Where next on the constitution?

Justice Minister Ngosa Simbyakula recently appointed a Referendum Commission to oversee the holding of the constitution referendum in 2016. The government has decided, as we have previously argued, that holding the general election and the referendum simultaneously is a good way to manage costs given Zambia’s very difficult fiscal position.

In the meantime, PF plans to bring forward to Parliament “non-contentious clauses” in the existing Draft Constitution for immediate enactment, with the remainder subjected to the 2016 referendum. The nature of the "non-contentious clauses" is yet to be defined but it is thought to include such things as an "elected Vice President".

The reaction to the government general proposal has been mixed. The UPND and FDD opposes the idea suggesting that the referendum should happen this year. The position of NAREP and MMD is less clear. One suspects that the real reason UPND fears the government proposal is that it may give PF an electoral advantage.

The June amendments will signal some progress after 20 years of constitutional paralysis. President Lungu will only be too eager to remind voters that he has done what others before him failed to do. More pointedly, Lungu may sell the 2016 referendum vote and PF as a “package”.

Some civil society groups have also opposed the PF proposal. The Non-Government Coordinating Council (NGOCC) does not want any elements of the constitution to be adopted next month. It believes the constitution needs to be delivered as an entire package. In other words it wants to stick to a strategy that has failed for 20 years.

Indeed, their position appears to miss the point that many of clauses in the draft constitution are merely points of detail that should not be there in the first place.

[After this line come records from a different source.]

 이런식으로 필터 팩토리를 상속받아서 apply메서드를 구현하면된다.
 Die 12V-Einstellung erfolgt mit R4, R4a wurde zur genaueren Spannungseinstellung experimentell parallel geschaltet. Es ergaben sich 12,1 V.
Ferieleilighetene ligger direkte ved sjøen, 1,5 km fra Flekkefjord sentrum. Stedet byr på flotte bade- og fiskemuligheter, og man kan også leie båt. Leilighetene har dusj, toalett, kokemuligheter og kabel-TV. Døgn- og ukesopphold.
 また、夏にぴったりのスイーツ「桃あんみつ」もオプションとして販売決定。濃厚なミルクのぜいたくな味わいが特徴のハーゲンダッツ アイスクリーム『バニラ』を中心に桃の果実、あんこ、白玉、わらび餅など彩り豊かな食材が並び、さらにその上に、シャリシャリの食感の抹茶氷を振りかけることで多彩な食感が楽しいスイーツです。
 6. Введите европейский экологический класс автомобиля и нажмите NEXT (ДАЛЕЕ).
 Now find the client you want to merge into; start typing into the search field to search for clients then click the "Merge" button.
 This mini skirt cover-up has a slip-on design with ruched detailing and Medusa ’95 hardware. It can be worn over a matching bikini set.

The document should NOT be put to the people in its entirety because it is poorly written and will only create a large and expensive government. Cherry picking is inevitable because the process was not done properly from the beginning.

There’s also the important point raised by the Evangelical Fellowship of Zambia (EFZ) that we need to “bear in mind that the tripartite elections are due 15 months away and that conducting a referendum will require to be preceded by a voter registration exercise specifically aimed at meeting the referendum”.

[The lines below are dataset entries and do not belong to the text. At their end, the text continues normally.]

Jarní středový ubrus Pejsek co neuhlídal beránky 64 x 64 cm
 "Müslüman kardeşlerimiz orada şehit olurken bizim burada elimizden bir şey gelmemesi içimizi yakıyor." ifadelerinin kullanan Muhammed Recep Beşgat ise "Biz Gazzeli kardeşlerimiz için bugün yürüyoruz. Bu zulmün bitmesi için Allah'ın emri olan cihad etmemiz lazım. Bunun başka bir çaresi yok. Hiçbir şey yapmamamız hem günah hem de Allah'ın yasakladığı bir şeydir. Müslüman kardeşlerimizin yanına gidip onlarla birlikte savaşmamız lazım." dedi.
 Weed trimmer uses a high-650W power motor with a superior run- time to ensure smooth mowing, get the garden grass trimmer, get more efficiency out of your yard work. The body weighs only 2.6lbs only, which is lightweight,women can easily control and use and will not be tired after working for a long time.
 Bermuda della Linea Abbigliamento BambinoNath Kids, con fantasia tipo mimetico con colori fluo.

The EFZ believes that it “impractical at the moment considering the limited time available for all the processes”. In short the proposed piecemeal approach to enacting the Constitution may well lead to Zambians to get the fruits of the prolonged process sooner rather than later. Especially since there is no guarantee that a referendum will deliver a constitution. Zambians may still vote no.

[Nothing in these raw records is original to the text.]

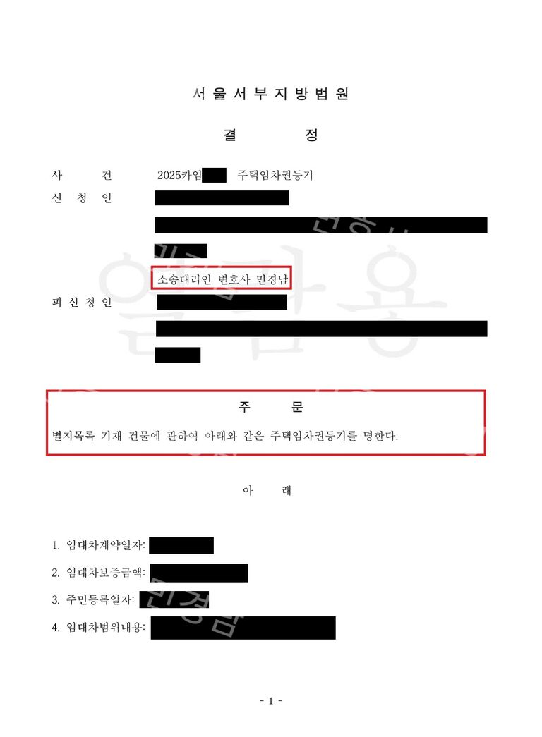 이번 결정을 통해 의뢰인은 등기부등본에 임차권이 기재됨으로써, 이사를 가시더라도 종전의 대항력과 우선변제권을 그대로 유지할 수 있게 되었습니다. 추후 임대인이 계속해서 보증금을 반환하지 않을 경우 진행될 강제집행이나 보증금 반환 청구 소송에서 의뢰인의 권리를 지키는 강력한 담보가 되었으며, 심리적 압박을 느낀 임대인으로부터 보증금을 조속히 회수할 수 있는 발판을 마련하였고 향후 보증금 반환 소송부터 강제집행까지 의뢰인을 위한 최선의 조력을 다할 계획입니다.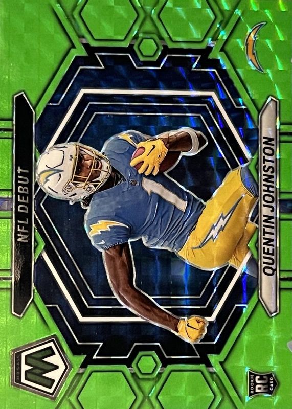 The Quentin Johnston 2023 Mosaic #ND-16 NFL Debut - Green Fluorescent /10 Rookie card in Raw condition has not changed in price in the last 30 days and was last sold for $125.00 .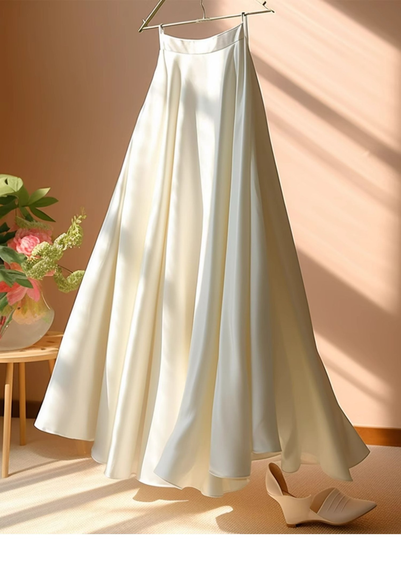 시원한 화이트 컬러의 하이웨이스트 슬리밍 A라인 우산 스커트, 여름 여성을 위한 가벼운 럭셔리 새틴 스커트스토어 가기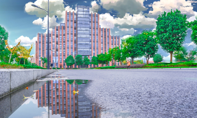 海宁的风呼啦啦啦地吹,气温一降就让人知道,啊秋天来了。秋天里的浙江财江大学东方学院,是最好看的,秋高气爽,天空蓝蓝的,美得就跟漫画一样。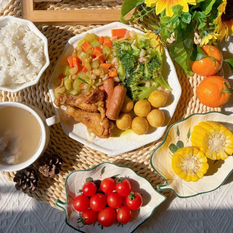 菜心炒肉、黄豆海带大骨汤

The big problem is that people are not focusing on the the important issues. A key issue relates to non contentious issues. What are these issues that will be put forward for legislation in June, and who will decide these?

The government has appointed a referendum committee for 2016 but there does not appear to be a similar committee scrutinising and clearing the suggested non contentious issues before they are subjected to a parliamentary process. There is simply not enough consultation on this issue.

Unfortunately by civil society adopting an adversarial position they are not shaping the June process for the public good. What has been even more puzzling is that the smaller parties like NAREP and FDD have not been more proactive in seeking to shape the June amendments.

For example, NAREP can definitely benefit in pushing for the change to the electoral system and dual citizenship (with possible diaspora voting) to be part of the change. Those changes would serve them well come 2016. But so far they have been silent and allowed UPND and some elements of the civil society to shape the debate.

Coming back to the issue of consultation. As we have already noted there are certain things that politicians are likely to conclude as “non contentious” but in fact are very unwelcome and should not be removed altogether from the Draft Constitution.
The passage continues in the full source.